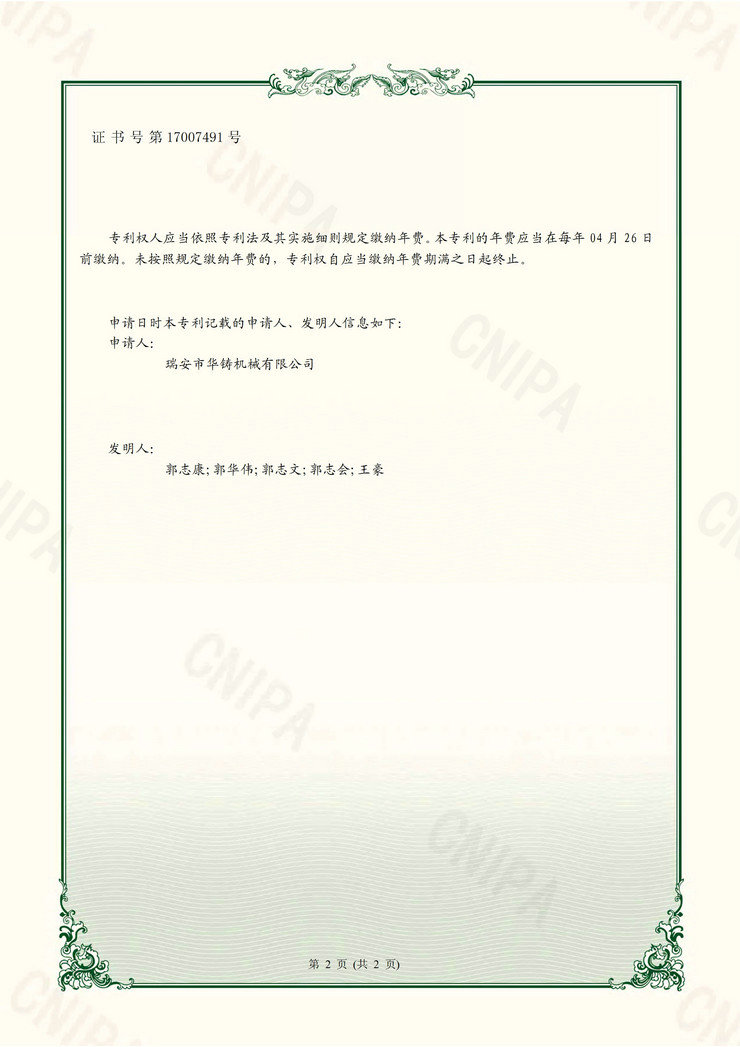 [上一條]:一種澆注機出料機構以及澆注機(專利證書)
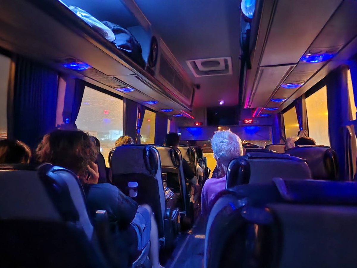 The buses provided are air-conditioned buses with approximately 40-44 seaters, with restrooms and a 20-minute break at a stopover point for a bus
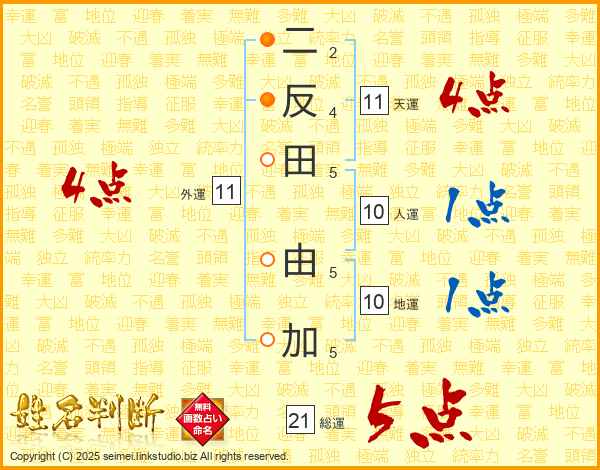 生活面を象徴する運勢です。外部から受ける影響力を表し、結婚運、家庭運や職場、環境への順応性を表します。総運から人運を引いた画数。姓や名が1文字の場合を除く。
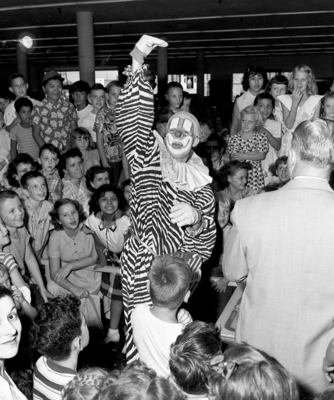 Clarabelle is shown pantomiming a clown at the Leonard's Department Store. Published in Fort Worth Star-Telegram morning edition, August 25, 1951.
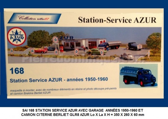 SAI 168 STATION SERVICE AZUR AVEC GARAGE ANNÉES 1950-1960 ET CAMION CITERNE BERLIET GLR8 AZUR Lo X La X H = 350 X 260 X 60 mm
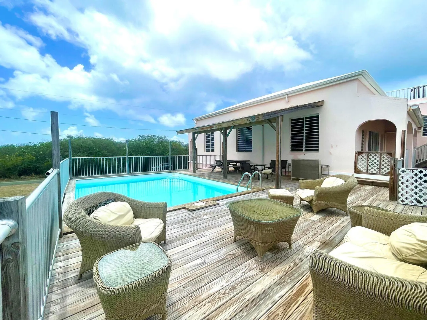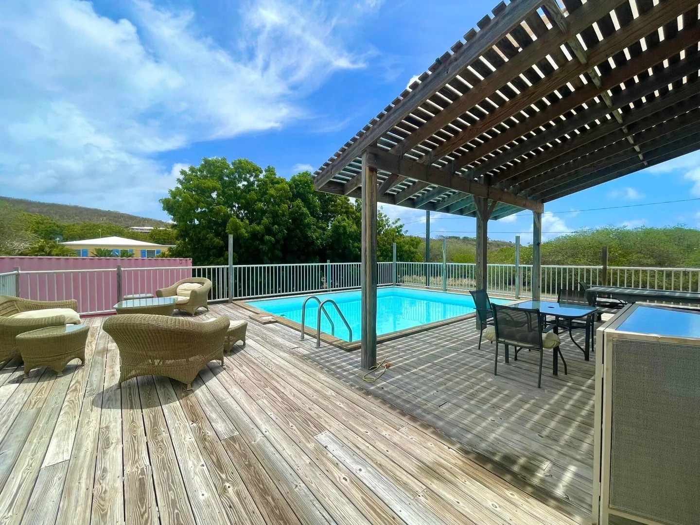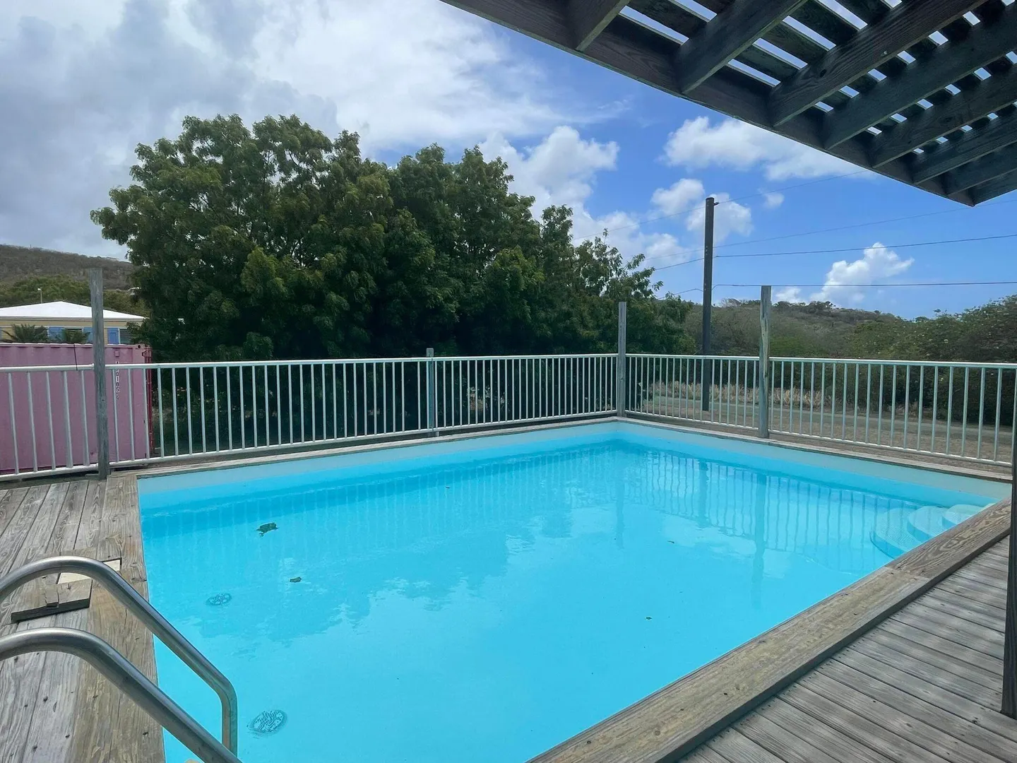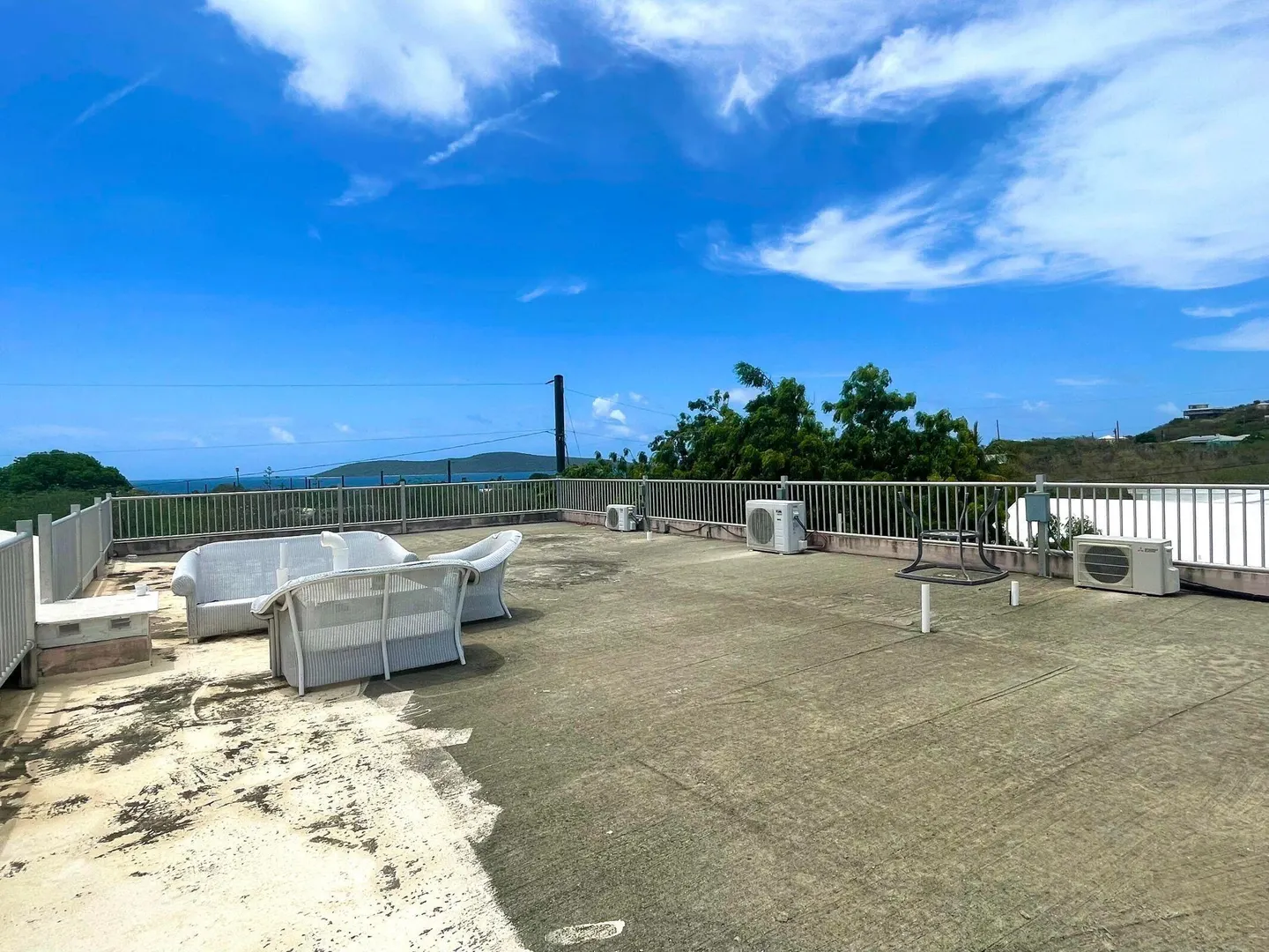Spacious three bedroom three bath unit on upper level of duplex features a large bright bonus space perfect for use as a den or game room. The home features a roomy deck and refreshing swimming pool, and has a bonus rooftop terrace where you can take in the Buck Island view. Beautiful finishes throughout the home, fans and split AC units in every room. Tenant responsible for electric, internet and cable. Landlord provides landscaping and pest control.

* * *

*WHAT THIS TASK INVOLVES:* Copy out the entries verbatim, but skip every picture.

*OUTPUT:*
 [上一條]:一種澆注機出料機構以及澆注機(專利證書)
 The buses provided are air-conditioned buses with approximately 40-44 seaters, with restrooms and a 20-minute break at a stopover point for a bus
 生活面を象徴する運勢です。外部から受ける影響力を表し、結婚運、家庭運や職場、環境への順応性を表します。総運から人運を引いた画数。姓や名が1文字の場合を除く。
 Clarabelle is shown pantomiming a clown at the Leonard's Department Store. Published in Fort Worth Star-Telegram morning edition, August 25, 1951.
 SAI 168 STATION SERVICE AZUR AVEC GARAGE ANNÉES 1950-1960 ET CAMION CITERNE BERLIET GLR8 AZUR Lo X La X H = 350 X 260 X 60 mm
Spacious three bedroom three bath unit on upper level of duplex features a large bright bonus space perfect for use as a den or game room. The home features a roomy deck and refreshing swimming pool, and has a bonus rooftop terrace where you can take in the Buck Island view. Beautiful finishes throughout the home, fans and split AC units in every room. Tenant responsible for electric, internet and cable. Landlord provides landscaping and pest control.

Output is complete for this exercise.